● Goal of the exercise: Repeat every entry exactly as it stands. Omit the images.

(Stored dataset items)
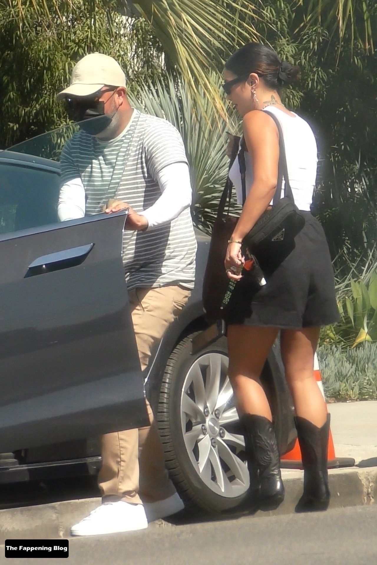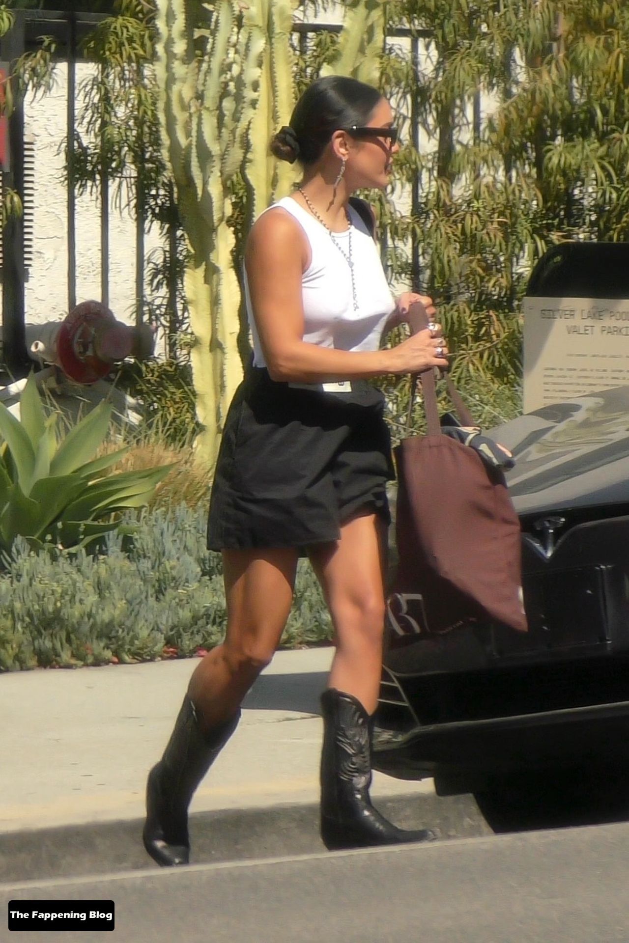 A estrela morena do Fappening usava o cabelo preso em um coque, uma regata branca e shorts pretos da Miu Miu combinando com suas botas de couro estilo cowgirl.
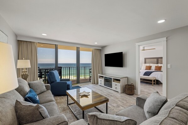 C-Breeze's living room offers comfy seating, a smart TV, and access to the private balcony. The kitchen and dining area are adjacent and offer all you need for meals and snacks along with seating for up to nine people. A washer and dryer plus free, high speed internet are available for guest convenience.
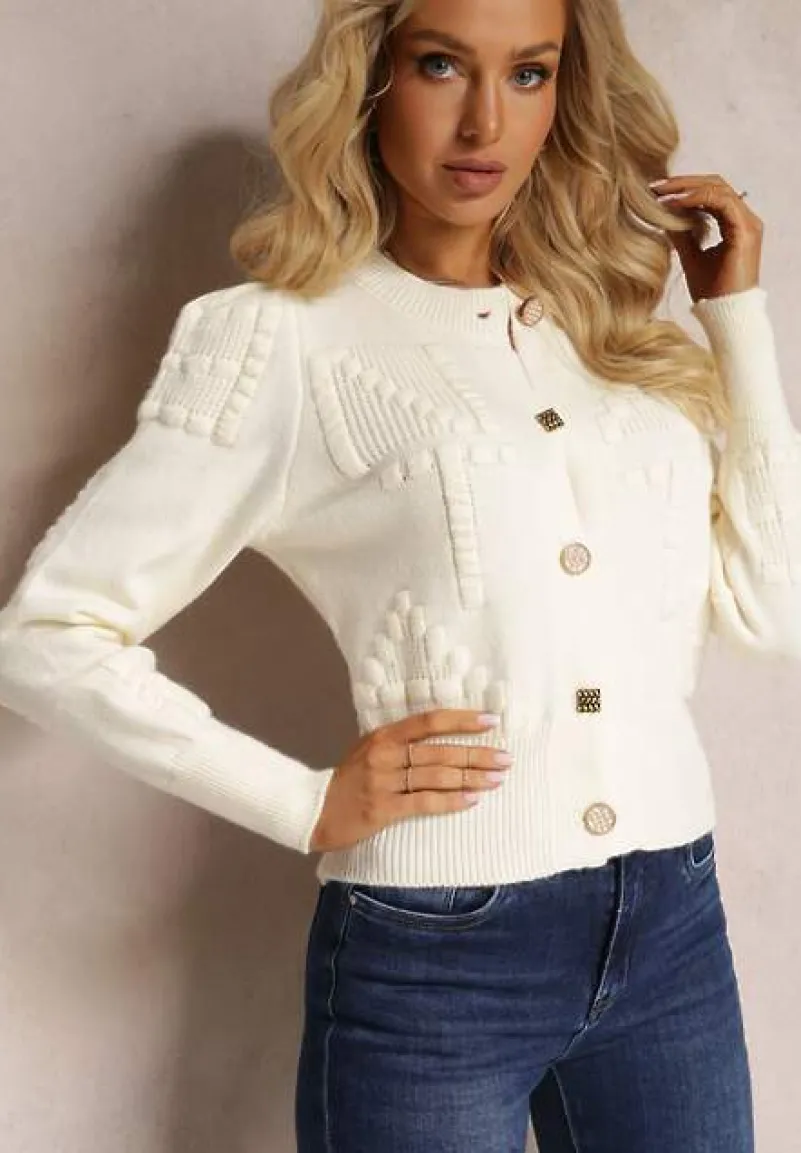 Kardigan Genadia w jednolitym kolorze, wykonany w 100% z oddychającej wiskozy. Posiada okrągły dekolt i ozdobne guziki.
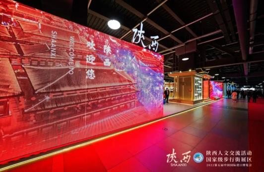陜西人文交流活動步行街和會客廳展區(qū)以“三秦腔調(diào)”為創(chuàng)意主題,衍生出“地標(biāo)建筑”“自然風(fēng)光”“老字號和非遺傳承”等篇章。展區(qū)外立面采用全景冰屏動態(tài)視頻演繹,旨在展現(xiàn)陜西地域特色和厚重歷史文化。
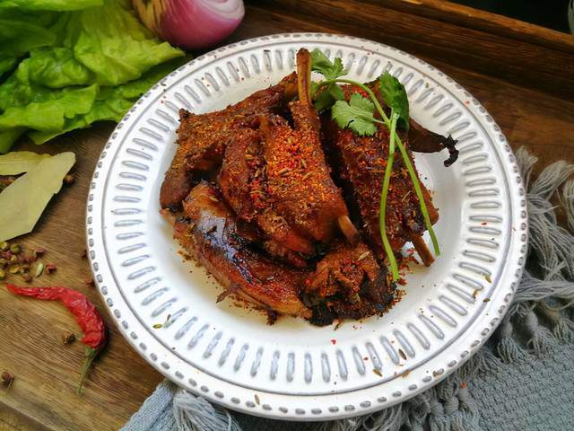 步骤六、烤箱预热200℃,羊排放入烤箱中层,烤20分钟,最后5分钟取出来,撒上一些孜然粉、辣椒粉。
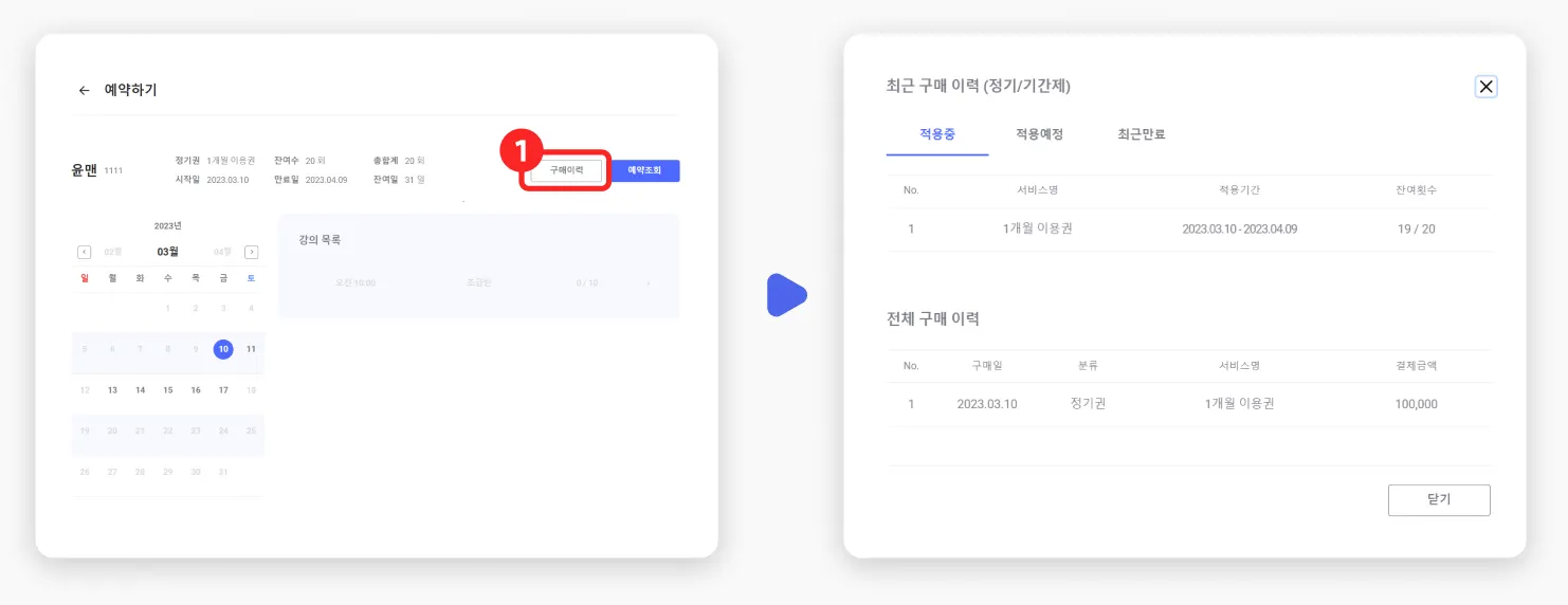 회원 출석 및 회원 이용에 필요한 기능들에 대한 설명입니다.
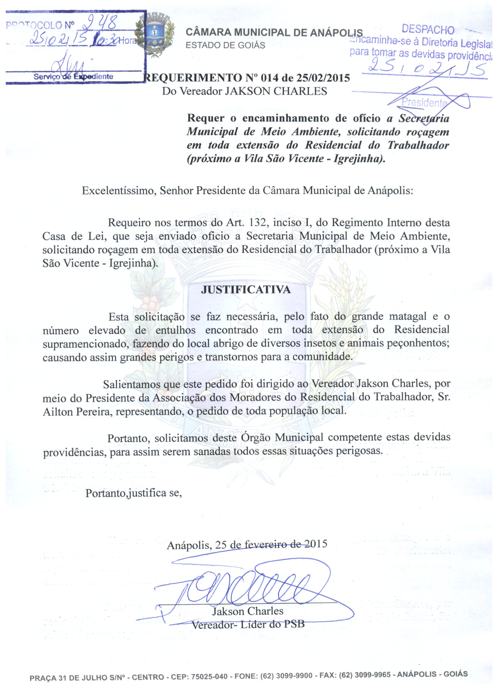 Ementa: REQUEIRO NOS TERMOS DO ART. 132, INCISO I, DO REGIMENTO INTERNO DESTA CASA DE LEI, QUE SEJA ENVIADO OFÍCIO À SECRETARIA MUNICIPAL DE MEIO AMBIENTE, SOLICITANDO ROÇAGEM EM TODA EXTENSÃO DO RESIDENCIAL DO TRABALHADOR (PRÓXIMO A VILA SÃO VICENTE - IGREJINHA).
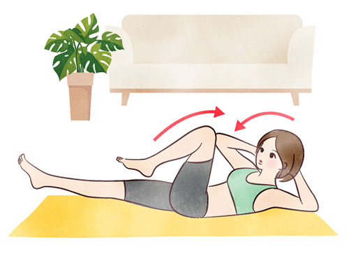 お腹を左右にひねったり伸ばしたりなどする運動は、便を排泄するためのインナーマッスルの腸腰筋(ちょうようきん)を鍛えることにつながると考えられます。3つの筋肉から成る腸腰筋は、腹筋と共に便を体内から押し出すために必要な筋肉です。ひねり運動を取り入れた腸腰筋トレーニングでおすすめなのは「バイシクルクランチ」です。仰向けに寝た状態から上体をやや持ち上げつつ足も浮かせ、自転車を漕ぐように両足を交互に胸へ引き寄せます。両手を首の後ろ側で組み、右肘と左膝、左肘と右膝が接近するように引き寄せながらゆっくりと行うと効果的です。
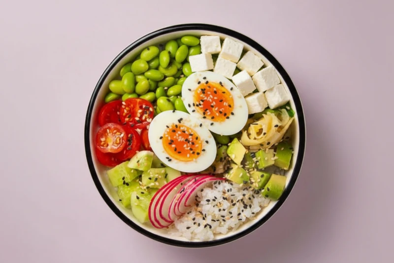 Яйцо куриное, Авокадо, Бобы Эдамаме, Огурцы в имбирном маринаде, Помидоры Черри, Имбирь, Редис, Кунжут, Брынза. Соус Ореховый Основа на выбор : Рис или Киноа.
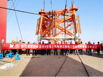 220千伏海上升压站是整个风电场的“心脏”,负责将风电机组的输出电压升高到更高等级电压并送出。海上升压站布置模式包含上部组块平台和下部结构。此次吊装完成的下部结构导管架是支撑升压站的基础,总高约20米,重达900吨,由中空的腿柱和连接腿柱的纵横杆组成,是海上升压站的水下桩基和上部组块的连接段。
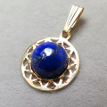 ゴールドフィルド・チャーム(ペンダントトップ・バチカン付)/天然石チャームラピス<12月誕生石>(カボション8mm)「14kgf」(5個) です。
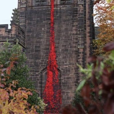 Rev. Liz Byrne and Debbie Stott talk to Paul about their cascading poppy installation.
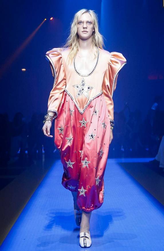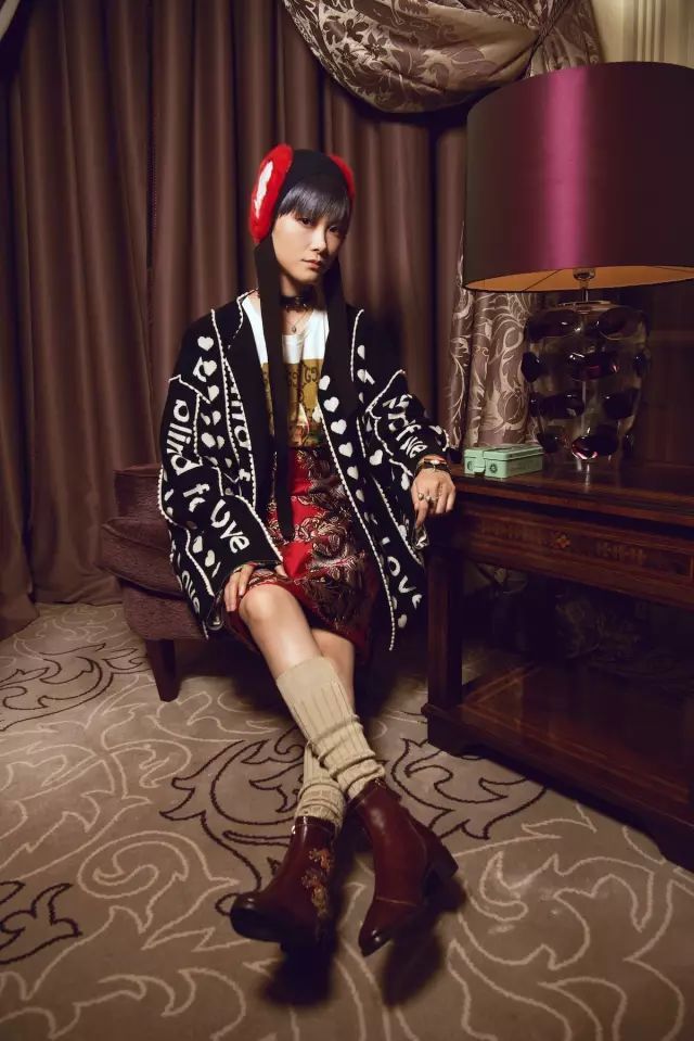 在本季的成衣中女模特頭上的飛碟造型的帽子,像是對(duì)于這個(gè)主題的呼應(yīng)。擺脫于持續(xù)性與標(biāo)準(zhǔn)化帶來(lái)的單調(diào),學(xué)著詩(shī)意地活出自己的精彩,就是本季GUCCI教會(huì)我們的。
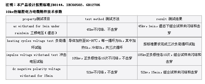 10KV热缩电缆附件主要材料技术参数
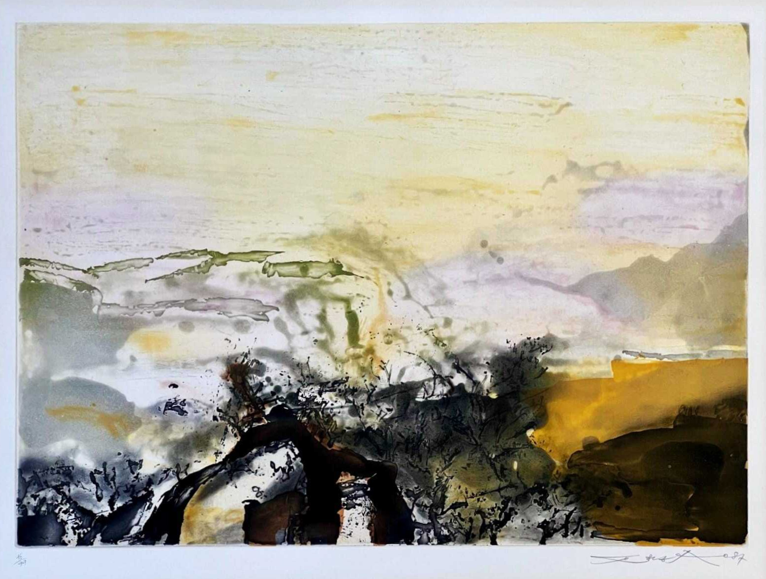 1987年法国巴黎Lacourière & Frélaut出版赵无极亲签限量彩色凹版蚀刻版画「无题」

● Exercise output:
 A estrela morena do Fappening usava o cabelo preso em um coque, uma regata branca e shorts pretos da Miu Miu combinando com suas botas de couro estilo cowgirl.
 C-Breeze's living room offers comfy seating, a smart TV, and access to the private balcony. The kitchen and dining area are adjacent and offer all you need for meals and snacks along with seating for up to nine people. A washer and dryer plus free, high speed internet are available for guest convenience.
 Kardigan Genadia w jednolitym kolorze, wykonany w 100% z oddychającej wiskozy. Posiada okrągły dekolt i ozdobne guziki.
陜西人文交流活動步行街和會客廳展區(qū)以“三秦腔調(diào)”為創(chuàng)意主題,衍生出“地標(biāo)建筑”“自然風(fēng)光”“老字號和非遺傳承”等篇章。展區(qū)外立面采用全景冰屏動態(tài)視頻演繹,旨在展現(xiàn)陜西地域特色和厚重歷史文化。
 步骤六、烤箱预热200℃,羊排放入烤箱中层,烤20分钟,最后5分钟取出来,撒上一些孜然粉、辣椒粉。
 회원 출석 및 회원 이용에 필요한 기능들에 대한 설명입니다.
 Ementa: REQUEIRO NOS TERMOS DO ART. 132, INCISO I, DO REGIMENTO INTERNO DESTA CASA DE LEI, QUE SEJA ENVIADO OFÍCIO À SECRETARIA MUNICIPAL DE MEIO AMBIENTE, SOLICITANDO ROÇAGEM EM TODA EXTENSÃO DO RESIDENCIAL DO TRABALHADOR (PRÓXIMO A VILA SÃO VICENTE - IGREJINHA).
 お腹を左右にひねったり伸ばしたりなどする運動は、便を排泄するためのインナーマッスルの腸腰筋(ちょうようきん)を鍛えることにつながると考えられます。3つの筋肉から成る腸腰筋は、腹筋と共に便を体内から押し出すために必要な筋肉です。ひねり運動を取り入れた腸腰筋トレーニングでおすすめなのは「バイシクルクランチ」です。仰向けに寝た状態から上体をやや持ち上げつつ足も浮かせ、自転車を漕ぐように両足を交互に胸へ引き寄せます。両手を首の後ろ側で組み、右肘と左膝、左肘と右膝が接近するように引き寄せながらゆっくりと行うと効果的です。
 Яйцо куриное, Авокадо, Бобы Эдамаме, Огурцы в имбирном маринаде, Помидоры Черри, Имбирь, Редис, Кунжут, Брынза. Соус Ореховый Основа на выбор : Рис или Киноа.
 220千伏海上升压站是整个风电场的“心脏”,负责将风电机组的输出电压升高到更高等级电压并送出。海上升压站布置模式包含上部组块平台和下部结构。此次吊装完成的下部结构导管架是支撑升压站的基础,总高约20米,重达900吨,由中空的腿柱和连接腿柱的纵横杆组成,是海上升压站的水下桩基和上部组块的连接段。
 ゴールドフィルド・チャーム(ペンダントトップ・バチカン付)/天然石チャームラピス<12月誕生石>(カボション8mm)「14kgf」(5個) です。
 Rev. Liz Byrne and Debbie Stott talk to Paul about their cascading poppy installation.
 在本季的成衣中女模特頭上的飛碟造型的帽子,像是對(duì)于這個(gè)主題的呼應(yīng)。擺脫于持續(xù)性與標(biāo)準(zhǔn)化帶來(lái)的單調(diào),學(xué)著詩(shī)意地活出自己的精彩,就是本季GUCCI教會(huì)我們的。
 10KV热缩电缆附件主要材料技术参数
 1987年法国巴黎Lacourière & Frélaut出版赵无极亲签限量彩色凹版蚀刻版画「无题」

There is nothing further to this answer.